昭和のアナクロ機械式フィルムカメラも今のところ好調なようで、2本目に装填した36枚撮りのフィルムを撮り切れるまであと少しというところです。

先週末はタイミングがよろしくなく、家で諸事をこなしながら待機中でした。






列車の走行写真も撮りたいということでISO200のフィルムを探しましたが、カラーネガフィルムはこのコダックのゴールド200しかないということでヨドバシで購入していたものです。

フジの200はとうに生産中止で、渋い色彩と描写で有名だったコニカのセンチュリアもすでに市場から消えて久しくなりました。

一番常用されるISO400のフィルムはフジとコダックの二枚看板がそれぞれ高級仕様と通常品を出していてまだ十分な選択肢があります。

ただ、ISO400のフィルムは特有の粒状感が目立ち過ぎてデジタルで読み込んだ際に画質的に良くない印象を持っていたので、できればISO100の低粒子のものか、その間を取ってISO200あたりを使いたいと思っていました。

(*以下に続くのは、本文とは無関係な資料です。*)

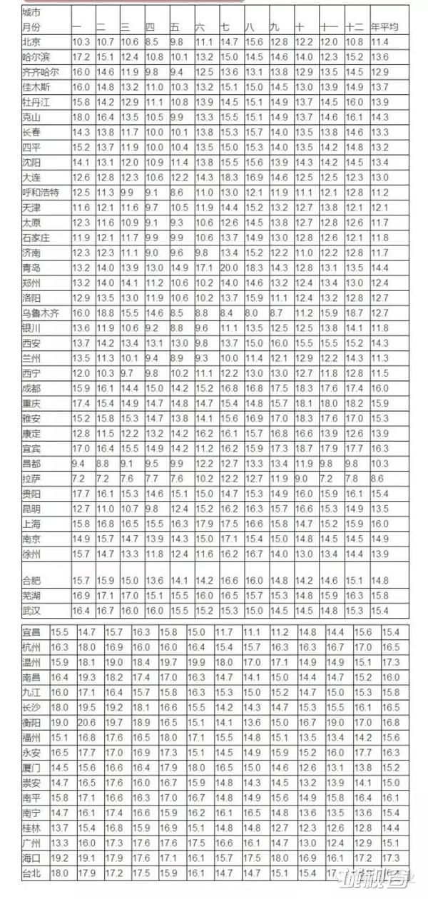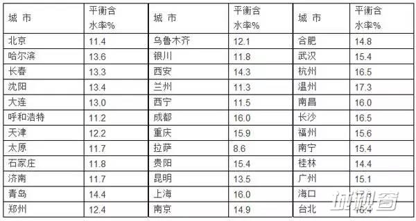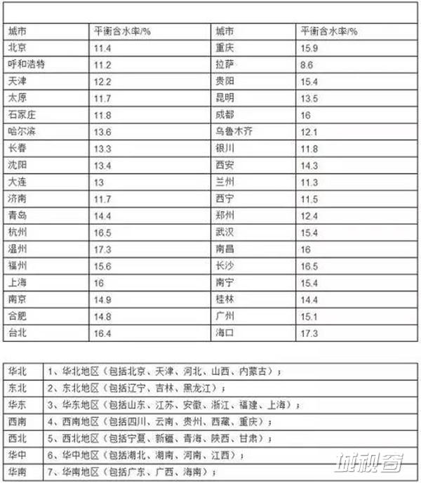 我国主要城市木材平衡含水率全年各月份含水率表:

デジタルでも使っているレンズの常用F値と動く列車を止められるシャッタスピードの組み合わせが出しやすいISO200の設定は比較的に多用してきました。

ということで、レンズは今まで使っていたものでカメラ本体だけがデジタルから機械式フィルムカメラに移行しただけで、実際の取り回しはそれほど変わらない条件となりました。

カメラ本体に内蔵されている露出計は販売が中止された水銀電池使用で代用方法はありますが、実は一度も電源を入れたことがなく、露出はもっぱら外部の簡易な判断方法によって適当な値を手探りで求めながら撮っています。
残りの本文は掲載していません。